記事によると、サルの頭部移植に成功したのは、ハルビン医科大学の任曉平(レン・シアオピン)氏。頭部と新しい身体の血液の循環には成功したが、骨髄神経の接続はできなかったため、首から下は麻痺状態だった。サルは20時間生存し、その後、“道徳的配慮”から安楽死が施された。

カナヴェロ氏は、「人体の頭部移植にまた一歩前進した。まだ、多くの研究が必要だが、人々は頭部移植など不可能だという考えはやめるべきだ。実現可能であることは明らかで、私たちは努力を続けている」と語った。カナヴェロ氏と任氏の医療チームは、2017年にロシアの脊髄性筋萎縮症患者の頭部移植を行う予定だ。

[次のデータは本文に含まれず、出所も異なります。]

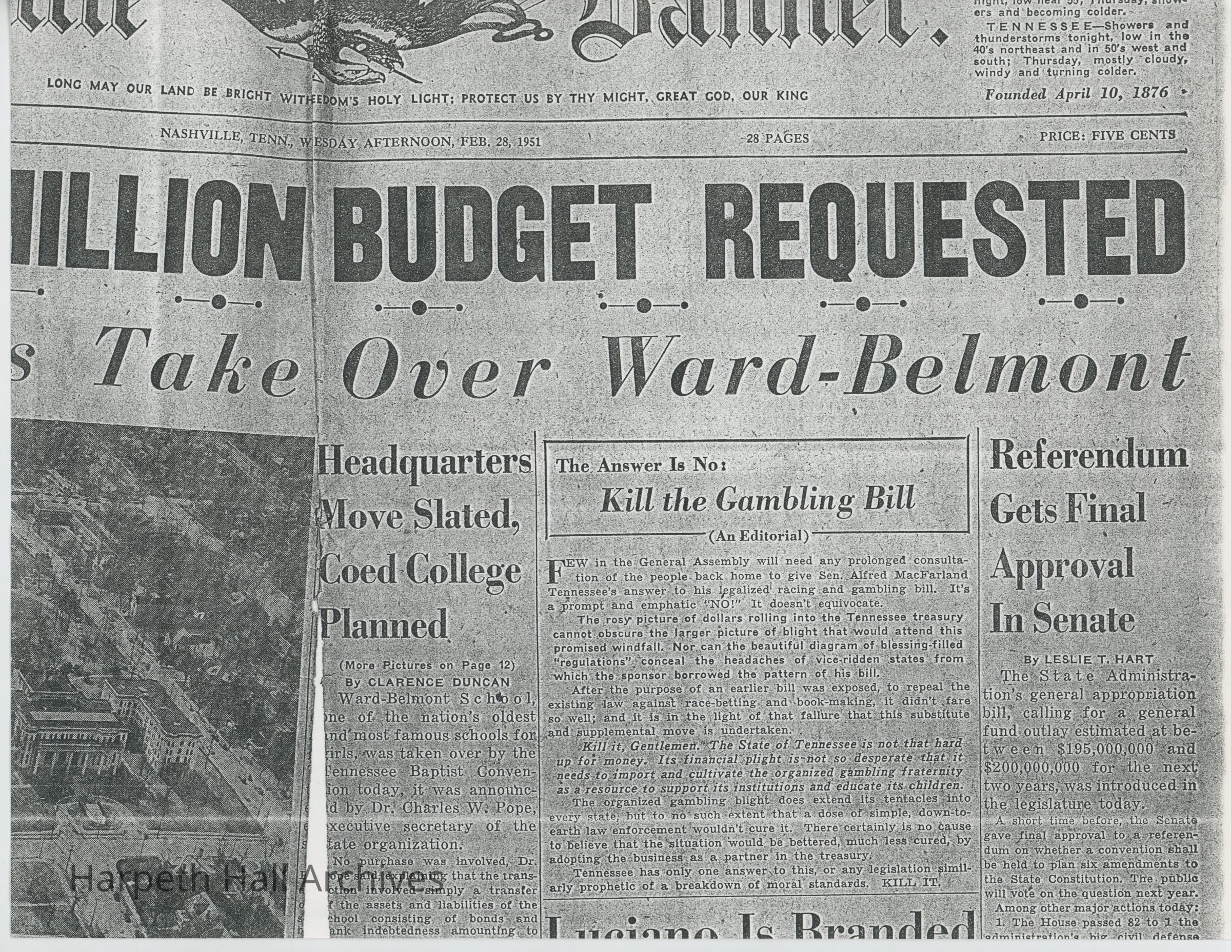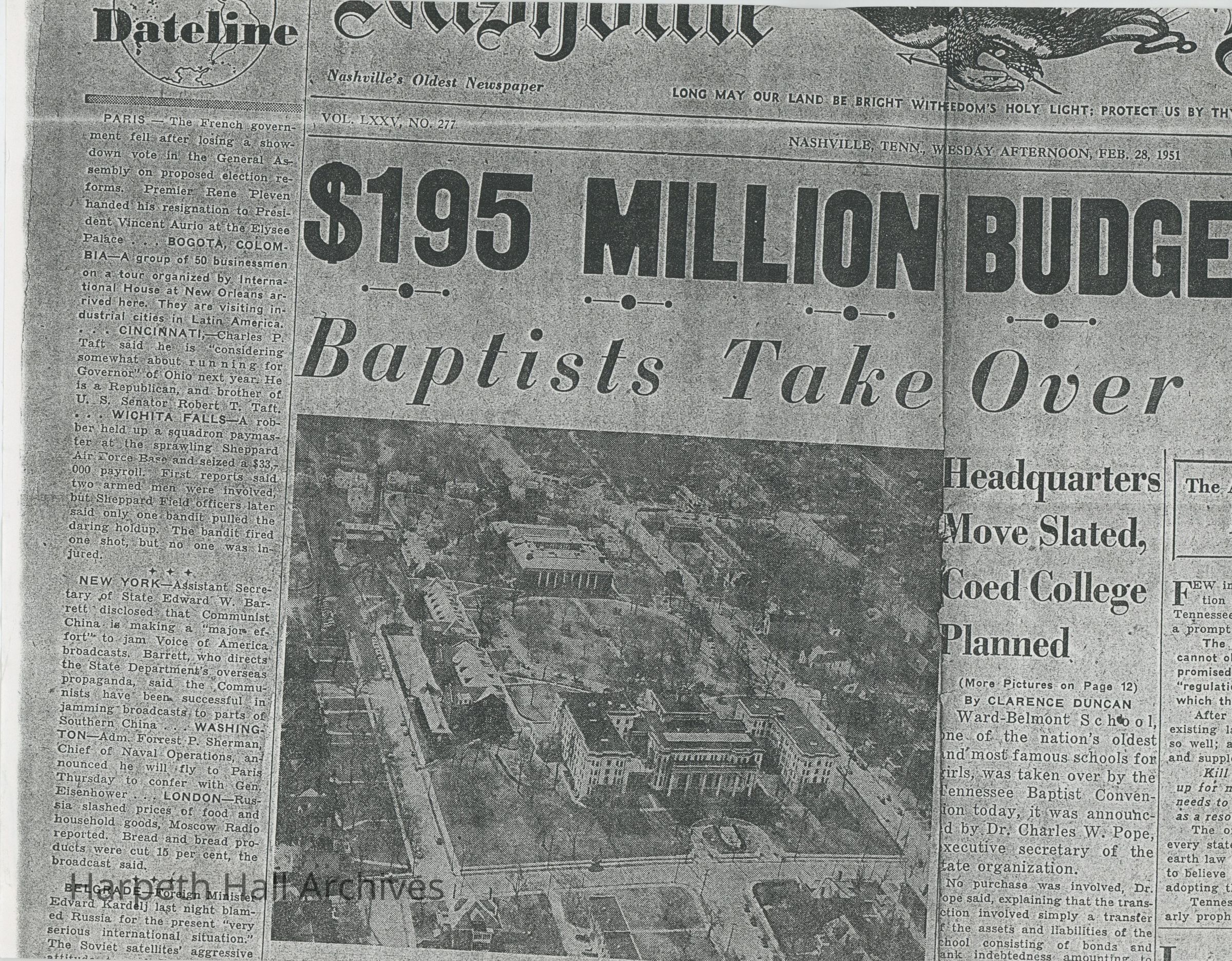 Article on Ward-Belmont's Baptist Takeover, February 1951

頭部移植の研究については、倫理的な問題からかねてより論争があった。今回の発表に、中国のネットユーザーは、「残酷すぎる」「“道徳的配慮”があるなら、サルで実験するだろうか?」「何の罪もないサルを捕まえて、散々苦しまされた挙げ句に殺される。何が道徳だ!」「医学の進歩かもしれないが、もし人間なら受け入れられない」「夜道に気をつけないと。今後は腎臓だけじゃ済まない。臓器売買が人体売買に発展する」といった否定的な見方が大勢を占めている。(翻訳・編集/北田)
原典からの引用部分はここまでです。